Default configurations

By default, within NexusOne, the Debezium server writes CDC events to an Iceberg-compliant lakehouse composed of a Hive metastore and S3-compatible object storage. This configuration provides the following:
  • ACID transaction guarantees through the Iceberg table format
  • Schema evolution support for handling source schema changes
  • Time travel capabilities for historical data access
  • Automatic metadata management via Hive metastore
  • Scalable storage on S3-compatible infrastructure

Platform-managed default settings

NexusOne manages the following default configurations for the Debezium Server and Iceberg sink:
  • Snapshot mode: initial
    The initial mode performs a full table snapshot followed by streaming changes
  • Batch processing: Optimized batch sizes for lakehouse ingestion
  • Connection pooling: Pre-configured for typical workloads
  • Error handling: Automatic retry mechanisms with exponential backoff

Supported source connectors

NexusOne’s Debezium server deployment supports the following database connectors:
  • PostgreSQL: Captures row-level changes using logical replication
  • SQL Server: Streams changes via SQL Server CDC or Change Tracking
  • MySQL: Monitors binary logs for data modification events
  • Oracle: Tracks changes through LogMiner or Oracle GoldenGate
Each connector provides full support for INSERT, UPDATE, and DELETE operations with before or after state capture, where applicable.
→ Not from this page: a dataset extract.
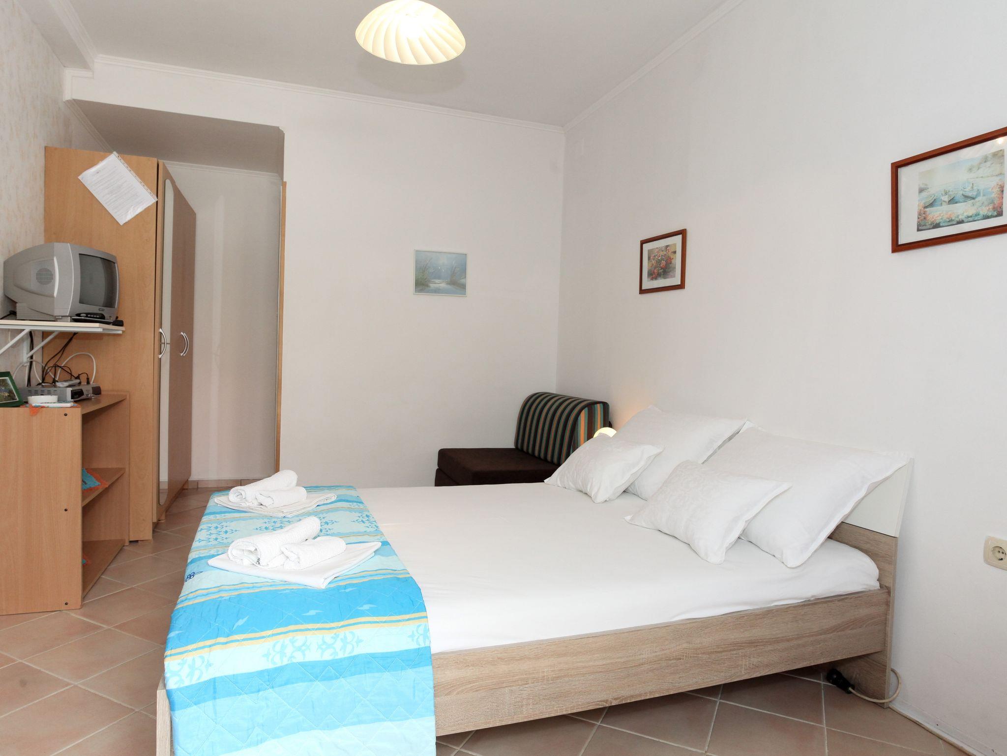 Studio bietet Platz für 2 Gäste. Die Betten sind in Schlafzimmern, die es 1 gibt, innerhalb einer Gesamtfläche von 20m2, angeordnet. Die Gäste haben eine eigene Terrasse zur Verfügung, auf der sie in warmen Sommernächten genießen können. Es ist erlaubt, Speisen auf dem Gemeinschafts-Grill vorzubereiten. IM PREIS INBEGRIFFEN: Kurtaxe, Endreinigung, Parkplatz, Internet, Zusatzbett, Bügeleisen, Bügelbrett. VERBINDLICHE ZUSÄTZLICHE KOSTEN: Aufzahlung für Kurzaufenthalte (prozentualer Zuschlag pro Nächtigungsanzahl: 30% - 1, 20% - 2, 10% - 3). UNVERBINDLICHE ZUSÄTZLICHE KOSTEN: Klimatisierung (5,00 € pro Nacht). Die Verfügbarkeit zusätzlicher Dienstleistungen in Ihrem reservierten Termin und die Preise derselben (falls nicht aufgeführt) müssen im Voraus überprüft werden. Zusätzliche Dienstleistungen die in der Zahlungsaufforderung nicht aufgeführt sind werden direkt beim Vermieter bezahlt, angenommen der Gast nutzt auch diese.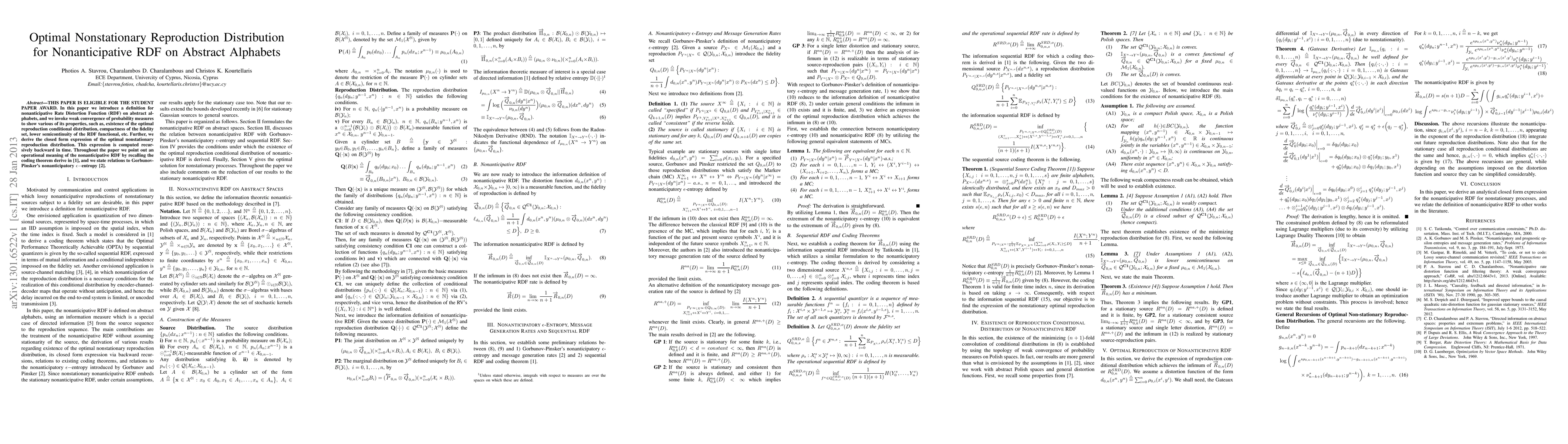 This paper defines a nonanticipative Rate Distortion Function (RDF) on abstract alphabets and demonstrates its properties using weak convergence. It derives a closed form for the optimal nonstationary reproduction distribution, computed recursively backward in time, and relates it to coding theorems and nonanticipatory entropy.

Source database configuration

Debezium server relies on a source database to produce change events in a format it can consume. Proper configuration of each database ensures that each insert, update, and delete is actually captured reliably and delivered to the lakehouse. Prerequisites and setup procedures vary by database vendor, and they include enabling CDC features, configuring replication slots, and setting appropriate permissions. To ensure that Debezium server can capture changes reliably, each database vendor requires specific configuration and user permissions. The following outlines the required settings for both aspects.
  • Database configuration: Enable CDC mechanisms specific to your database platform. Use any of the following:
    • PostgreSQL: Requires logical replication configuration
    • SQL Server: Needs CDC or Change Tracking enabled
    • MySQL: Requires binary logging with ROW format
    • Oracle: Requires supplemental logging configuration
  • User permissions: Grant appropriate privileges for CDC operations. Use the following:
    • Replication permissions for reading change streams
    • Metadata access for schema discovery
    • Connection privileges for establishing monitoring sessions
The following sections provide detailed, step-by-step configuration instructions for each database vendor to implement the previously listed requirements.

PostgreSQL configuration

PostgreSQL uses logical replication to expose change events.
  • Set wal_level to logical in the postgresql.conf file.
  • Create a replication slot for Debezium to consume changes.
  • Install the pgoutput logical decoding plugin. The plugin is available by default in PostgreSQL 10+.
  • Grant the following replication permissions to the Debezium user:
    CREATE ROLE debezium_user WITH REPLICATION LOGIN PASSWORD 'password';
    GRANT SELECT ON ALL TABLES IN SCHEMA schema_name TO debezium_user;
    ALTER DEFAULT PRIVILEGES IN SCHEMA schema_name GRANT SELECT ON TABLES TO debezium_user;
    

SQL server configuration

SQL Server requires that you enable CDC at both the database and table levels.
  • Enable CDC at the database level:
    USE DatabaseName;
    EXEC sys.sp_cdc_enable_db;
    
  • Enable CDC for specific tables:
    EXEC sys.sp_cdc_enable_table
      @source_schema = N'dbo',
      @source_name = N'TableName',
      @role_name = NULL;
    
  • Grant appropriate permissions to the Debezium user:
    CREATE LOGIN debezium_user WITH PASSWORD = 'password';
    CREATE USER debezium_user FOR LOGIN debezium_user;
    EXEC sp_addrolemember 'db_owner', 'debezium_user';
    

MySQL configuration

MySQL uses binary logging to track changes.
  • Enable binary logging in my.cnf:
    server-id = 1
    log_bin = mysql-bin
    binlog_format = ROW
    binlog_row_image = FULL
    expire_logs_days = 10
    
  • Grant replication permissions:
    CREATE USER 'debezium_user'@'%' IDENTIFIED BY 'password';
    GRANT SELECT, RELOAD, SHOW DATABASES, REPLICATION SLAVE, REPLICATION CLIENT 
    ON *.* TO 'debezium_user'@'%';
    FLUSH PRIVILEGES;
    

Oracle configuration

Oracle requires supplemental logging and appropriate permissions.
  • Enable database-level supplemental logging:
    ALTER DATABASE ADD SUPPLEMENTAL LOG DATA (ALL) COLUMNS;
    
  • Enable table-level supplemental logging for specific tables:
    ALTER TABLE schema.table ADD SUPPLEMENTAL LOG DATA (ALL) COLUMNS;
    
  • Grant required permissions:
    GRANT CREATE SESSION TO debezium_user;
    GRANT SELECT ON V_$DATABASE TO debezium_user;
    GRANT SELECT_CATALOG_ROLE TO debezium_user;
    GRANT EXECUTE_CATALOG_ROLE TO debezium_user;
    GRANT SELECT ANY TRANSACTION TO debezium_user;
    GRANT LOGMINING TO debezium_user;
    
For more comprehensive setup instructions, troubleshooting guidance, and platform-specific considerations, refer to the Debezium connector documentation.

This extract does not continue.